Discovery
The discovery of ILs began with the pathogenetic study
of fever in the 1940s. IL-1 was first discovered as human leukocytic pyrogen that induced fever; it was then reorganized
and renamed IL-1 in 1979. So far, more than 40 ILs have
been identified in humans; ILs have been put in the order
in which they were identified. IL-1, IL-2, IL-6, and IL-10
were cloned in 1984, 1983, 1986, and 1990, respectively.

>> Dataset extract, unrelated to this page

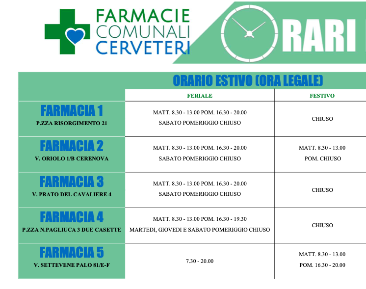 La Multiservizi Caerite comunica che con l’entrata in vigore dell’ora legale a partire da lunedì 30 marzo le farmacie comunali di Cerveteri adegueranno come di consueto gli orari alla stagione estiva.
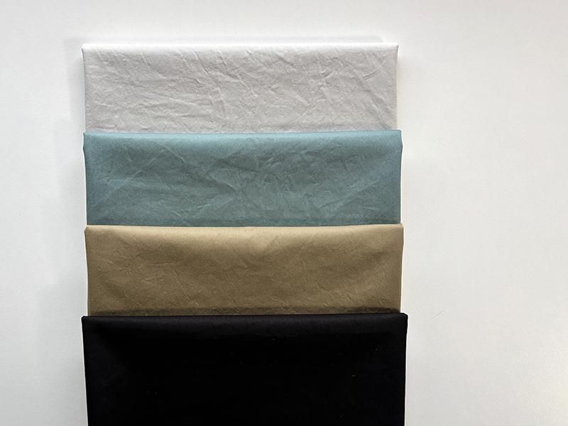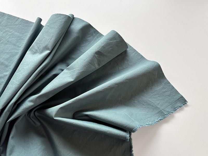 一般的に高密度に織られた生地は、多少「ツヤ」がある事が多いです。 この生地も、かすかな「ツヤ」があります。「ツヤあるかな?」程度の、とても軽いものです。

IL-6 is currently the most major and successful IL. Therapeutic agents targeting IL-6-mediated signaling are effective in rheumatoid arthritis, and applications are being
extended to other settings of acute and chronic inflammation. Indeed, worldwide clinical trials of tocilizumab, a
humanized anti-IL-6 receptor monoclonal antibody, have
successfully proved its outstanding efficacy against rheumatoid arthritis, juvenile idiopathic arthritis, and Castleman disease, leading to the approval of tocilizumab for
the treatment of these diseases.
Structure
IL-1α (159 aa residues) has a 12-stranded β-sheet
structure, IL-2 (134 aa residues) has four antiparallel α
helices, IL-6 (184 aa residues) has a four-helix bundle
arranged in an up-up-down-down topology, and IL-10
(160 aa residues) has a topological similarity to interferon
gamma. The primary structures of IL-1 α, IL-2, IL-6, and IL-10
are conserved in vertebrates. ILs
can be divided into four major groups based on the distinguishing structural features. However, their amino
acid sequence similarity is very weak between the four
groups (typically 15%–25% identity).
Receptors
IL receptors belong to the immunoglobulin superfamily, and could be categorized by their homologies. The
receptors for IL-1α, IL-2, and IL-6 are the type
I cytokine receptor, and the receptor for IL-10 is the type
II cytokine receptor. In general, the binding of ILs with their receptors
activates downstream signaling, including the Janus
kinases (JAKs), tyrosine kinases (TYK), and STATs in target cells.
Antagonists
The IL-1 receptor antagonist (IL-1RA) and its modified
version Anakinra are antagonists for the IL-1 receptor.
Daclizumab and basiliximab are antagonists for the
IL-2 receptor. Tocilizumab is an antagonist for the IL-6
receptor. The anti-IL-10 R antibody is an antagonist for
the IL-10 receptor.
General Description
Interleukins (ILs) is a collective term for a group of
cytokines. ILs mediate the communications in relation to
immune reactions between immune cells as proinflammatory
or antiinflammatory hormones. ILs are closely associated
with inflammatory diseases and cancer.